CEO of Alphabet and Google Sundar Pichai meets Polish Prime Minister at the Chancellery in Warsaw, Poland on March 29, 2022.
Mateusz Wlodarczyk | Nurphoto | Getty Images
As Google heads back to the courtroom Monday, the company is arguing that the U.S. needs the company in its full form to take on chief adversary China and uphold national security in the process.
The remedies trial in Washington, D.C., follows a judge’s ruling in August that Google has held a monopoly in its core market of internet search, the most-significant antitrust ruling in the tech industry since the case against Microsoftmore than 20 years ago.
The Justice Department has called for Google to divest its Chrome browser unit and open its search data to rivals. Google said in a blog post on Monday that such a move is not in the best interest of the country as the global battle for supremacy in artificial intelligence rapidly intensifies. In the first paragraph of the post, Google named China’s DeepSeek as an emerging AI competitor.

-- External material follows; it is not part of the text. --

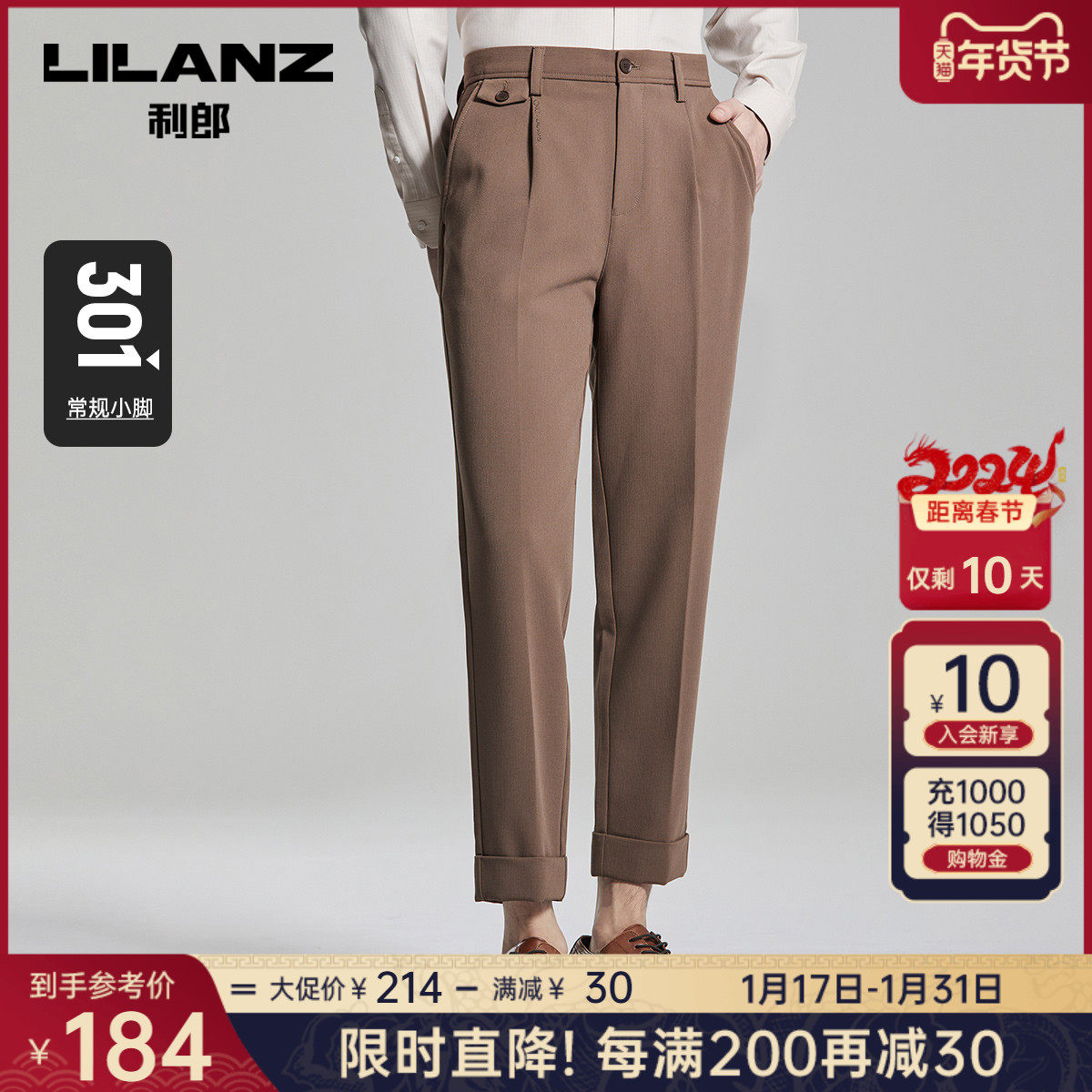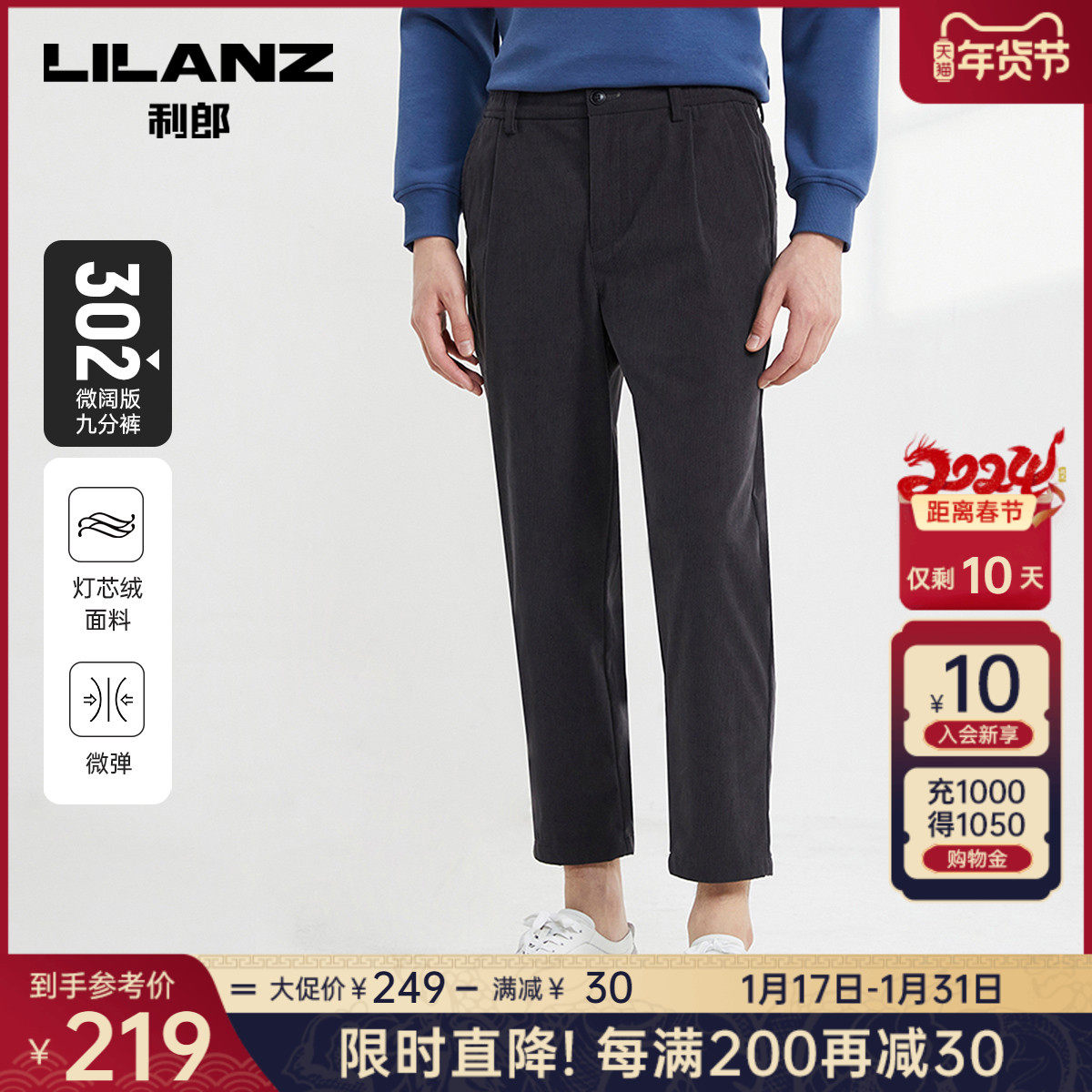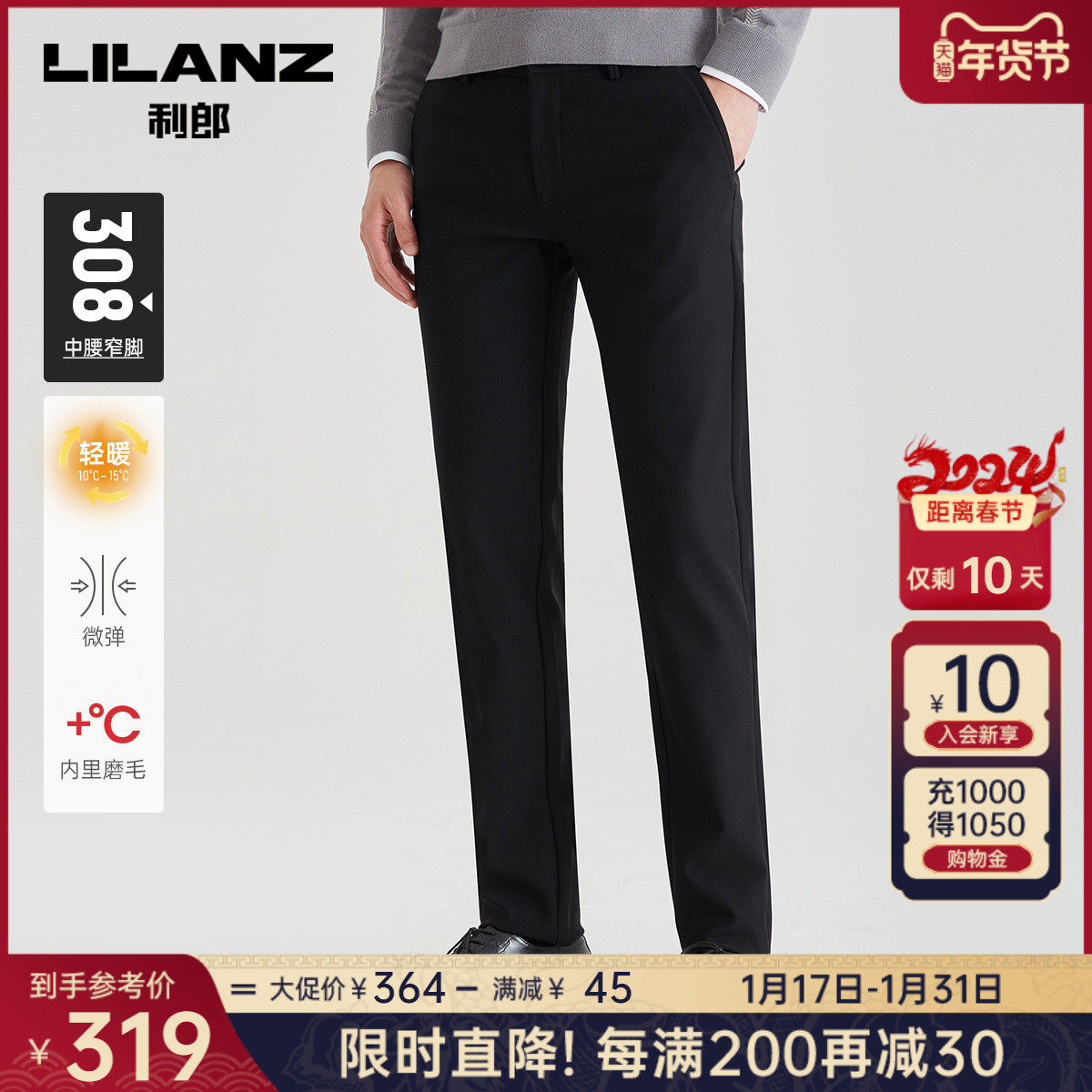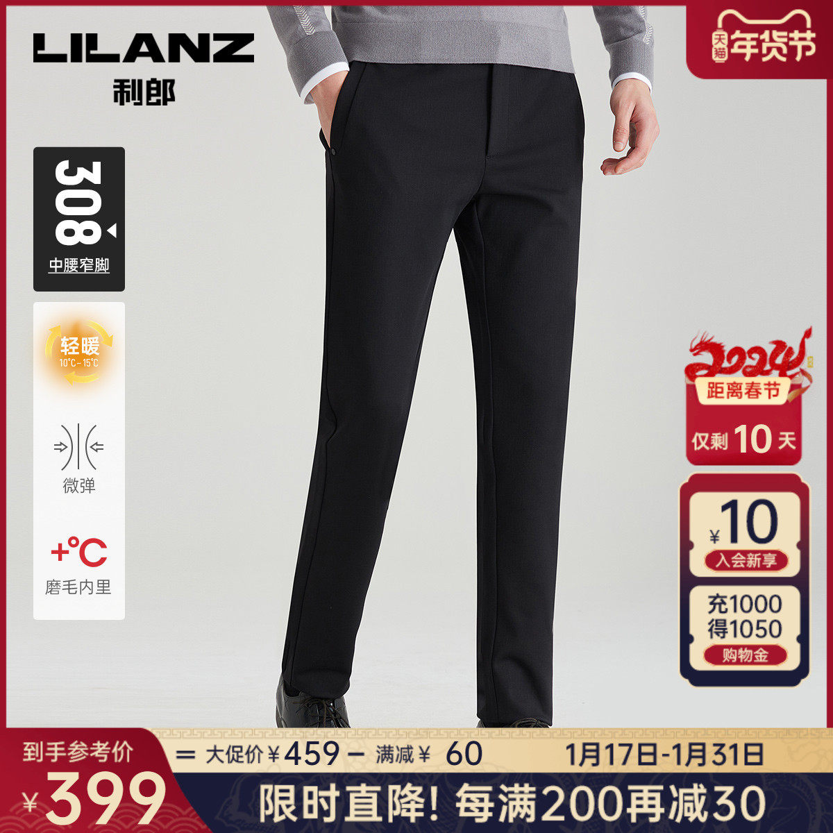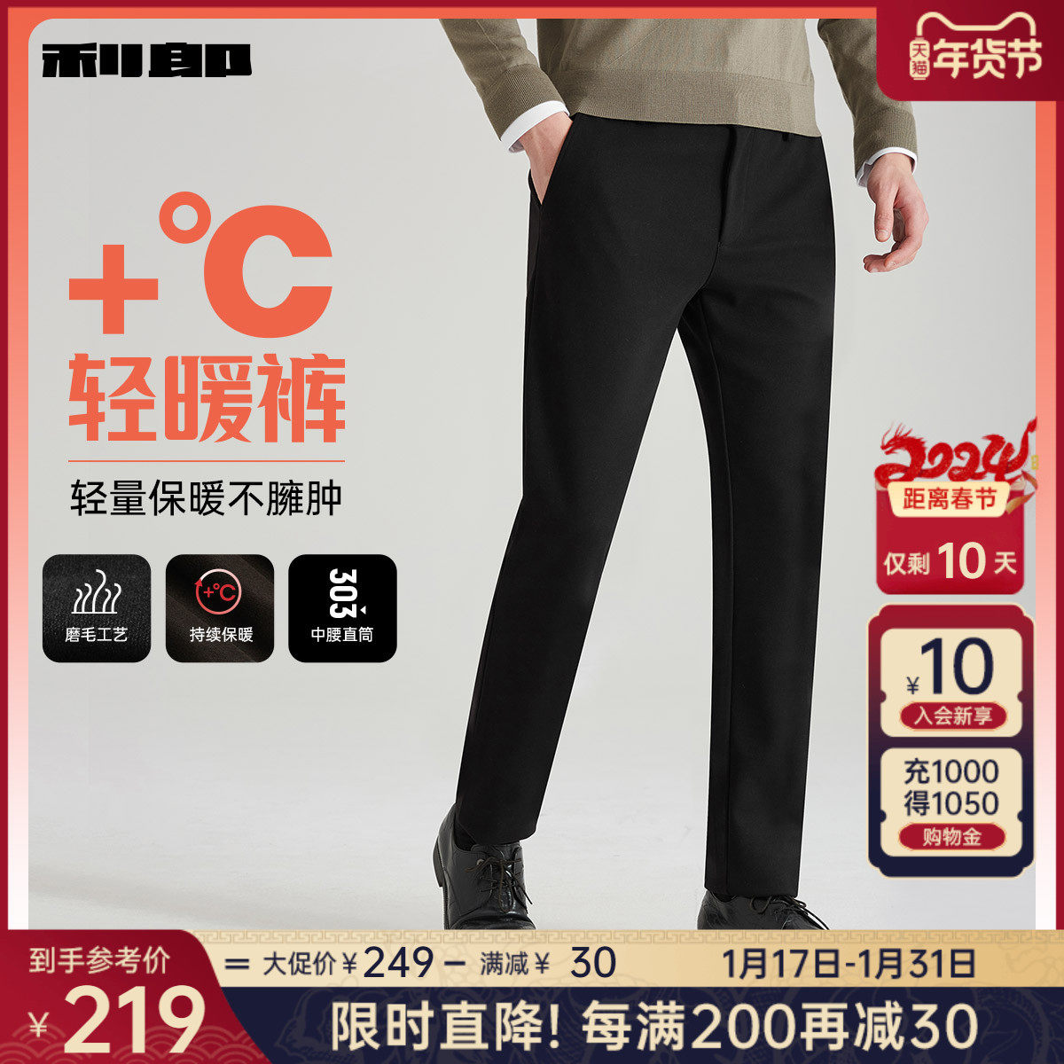 【磨毛内里】利郎官方 休闲裤男2023秋冬商务中腰小脚男士裤子

The DOJ’s proposal would “hamstring how we develop AI, and have a government-appointed committee regulate the design and development of our products,” Lee-Anne Mulholland, Google’s vice president of regulatory affairs, wrote in the post. “That would hold back American innovation at a critical juncture. We’re in a fiercely competitive global race with China for the next generation of technology leadership, and Google is at the forefront of American companies making scientific and technological breakthroughs.”
Google is one of a number of U.S. tech companies trying to fend off the Trump administration’s antirust pursuits, most of which is held over from the Biden administration. Google lost a separate antitrust case last week, when a federal judge ruled Thursday that Google held illegal monopolies in online advertising markets due to its position between ad buyers and sellers.
Meta is currently in court against the Federal Trade Commission, which has alleged that the company monopolizes the social networking market and shouldn’t have been able to acquire Instagram and WhatsApp. Amazon also faces an FTC lawsuit for allegedly maintaining an illegal monopoly. And beyond antitrust, Trump’s FTC on Monday sued Uber, accusing the ride-hailing company of deceptive billing and cancellation practices tied to its subscription service.
It’s the type of enforcement actions the tech industry was hoping to avoid when President Trump took office in January. Google, Meta, Amazon and Uber — and top executives from some — publicly donated to Trump’s inaugural fund, part of a widespread corporate effort to cozy up to the incoming administration.
For Google, the search remedies trial will determine the consequences of the guilty verdict from August. The three-week trial will end on May 9. Judge Amit Mehta is expected to make his ruling in August, at which point Google plans to file an appeal.
“At trial we will show how DOJ’s unprecedented proposals go miles beyond the Court’s decision, and would hurt America’s consumers, economy, and technological leadership,” Mulholland wrote.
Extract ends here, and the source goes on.